In 1887, Silvanus Tingley and Charles Stetson patented their "card shuffling apparatus". The device was composed of two card-holding boxes where the packs were held by springs. The device simulated a riffle shuffling by extracting the cards through a slot at the bottom of each box and placing them in a pile in the middle. The operator would turn a crank which was connected to gears and finally disks covered with rubber that were in contact with cards. This feeding mechanism ensured that the final stack was composed of cards "randomly" coming from the left or right chamber. The main difference with the next machines is that only one card would be ejected from a box during one turn.

In 1892, William H. Ranney filed a patent for a "card shuffling and dealing mechanism". The apparatus was basically an inclined box which was fixed to the border of the playing table. The cards were inserted from the top of the case and were trapped inside a receptacle hold by a lever. The operator would turn a crank which would slowly lower the bottom wall of the inclined receptacle. At this point, the device relied upon the friction force between the cards to achieve some kind of randomness. One card would start to slide as a result of the steepness and would attract a few cards with it. The number of cards being released at each turn would typically vary between one and five cards. The cards fell into another receptacle and the operator would turn the whole device to distribute the cards to another player. This rotation activated a roller which would distribute the bottom card out of the box. One year later, William Ranney proposed another version of his device where the original deck was split in half and cards would fall from one or both halves at once.

In 1897, two brothers, the Crooks, proposed a more complex machine which was similar to a slot machine displaying five cards. This device did not distribute cards to players but was just displaying a random sequence of cards. However, it used a shuffling mechanism that relied upon a rotating triangular frame where each side contained the same device. Only one mechanical side could operate and display cards at a moment and the operator would rotate the whole drum to perform another shuffling.
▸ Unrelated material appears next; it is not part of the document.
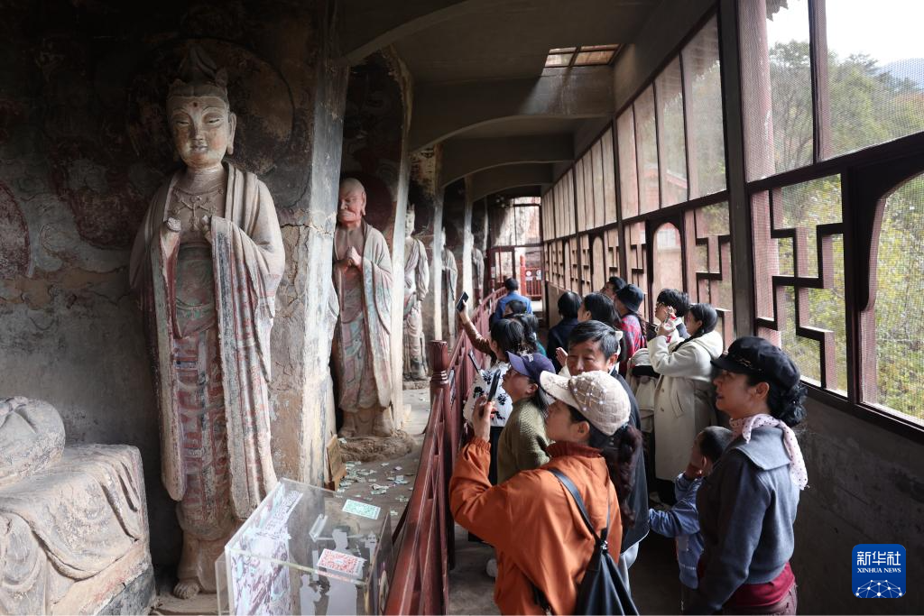 游客在麥積山石窟參觀(11月2日攝)。 |

A shuffling box would be split into five compartments using what they called "partition fingers". A complex pins mechanism would then mix the cards between the compartments and the new result would be displayed.

John Bowen proposed in 1899 a compact "card shuffling machine" where the unshuffled pack was enclosed between two horizontal plates. The principle of this apparatus was similar to Tingley and Stetson's machine. The top plate could move and was called the follower, the bottom plate was fixed. The operator would press the deck using a vertical handle which was connected to the follower, and he would turn a crank that activated two rollers which were above and under the deck. In front of the deck, a bar would block most cards except those on top of the pack as well as those at the bottom. The rollers were pressing against the cards and with their respective rotation, would throw them into a receptacle. At each step, cards could come from the top or the bottom of the deck and the number of cards which were ejected was not constant. Variable friction between the rollers and the cards themselves ensured some randomness as in Ranney's machine.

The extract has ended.